DATA PROVIDED >>
BEGIN
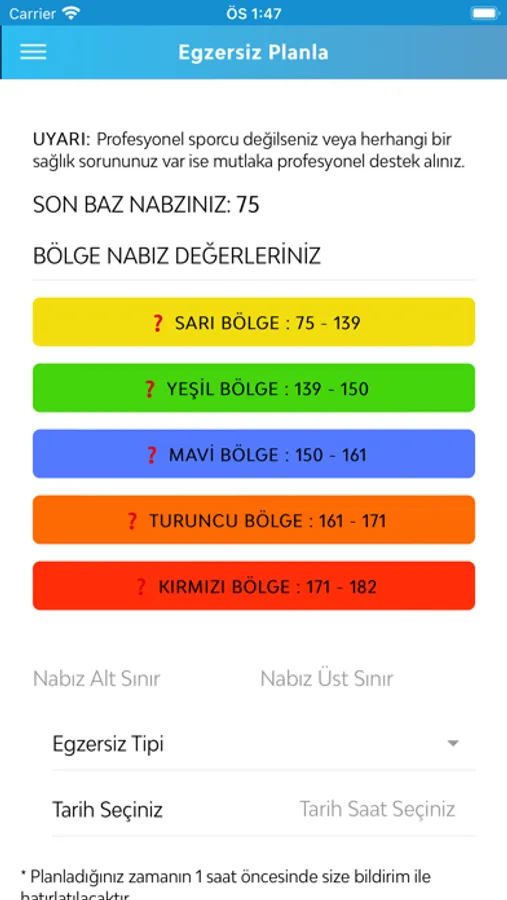 Basit üyelik sistemi ile kendi Bluetooth nabız cihazlarınızı kullanarak evinizde egzersiz yapabilirsiniz. Ölçüm bilgilerinizi ve dinlenik nabzınızı girerek egzersiz anında doğru nabız değerlerinizi takip edebilir ve en verimli sonucu alabilirsiniz.
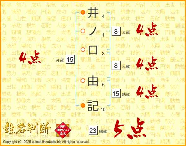 生活面を象徴する運勢です。外部から受ける影響力を表し、結婚運、家庭運や職場、環境への順応性を表します。総運から人運を引いた画数。姓や名が1文字の場合を除く。
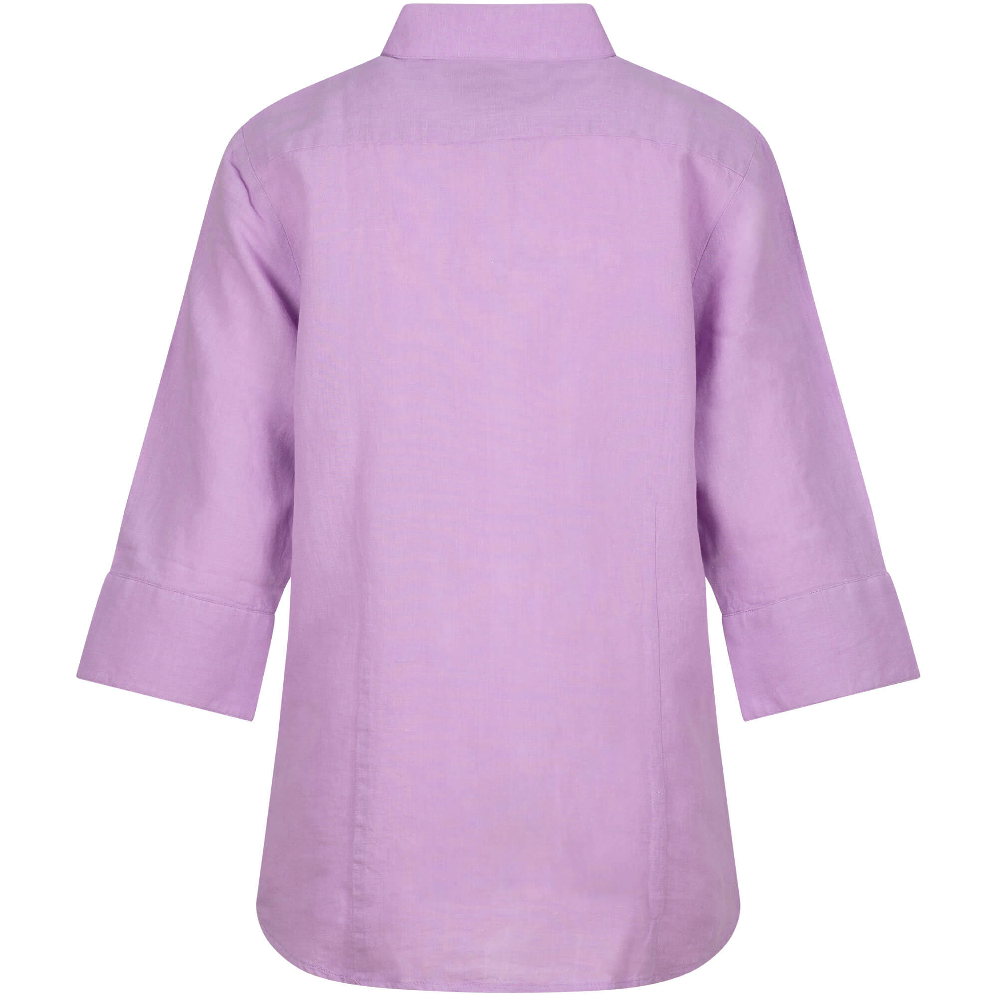 Stilvolle Leinenbluse in Lila, mit dreiviertel Arm
END
ACTION ITEM >> Working from the lines above, reproduce the material exactly and exclude its pictures.

EXERCISE OUTPUT >>
 Basit üyelik sistemi ile kendi Bluetooth nabız cihazlarınızı kullanarak evinizde egzersiz yapabilirsiniz. Ölçüm bilgilerinizi ve dinlenik nabzınızı girerek egzersiz anında doğru nabız değerlerinizi takip edebilir ve en verimli sonucu alabilirsiniz.
 生活面を象徴する運勢です。外部から受ける影響力を表し、結婚運、家庭運や職場、環境への順応性を表します。総運から人運を引いた画数。姓や名が1文字の場合を除く。
 Stilvolle Leinenbluse in Lila, mit dreiviertel Arm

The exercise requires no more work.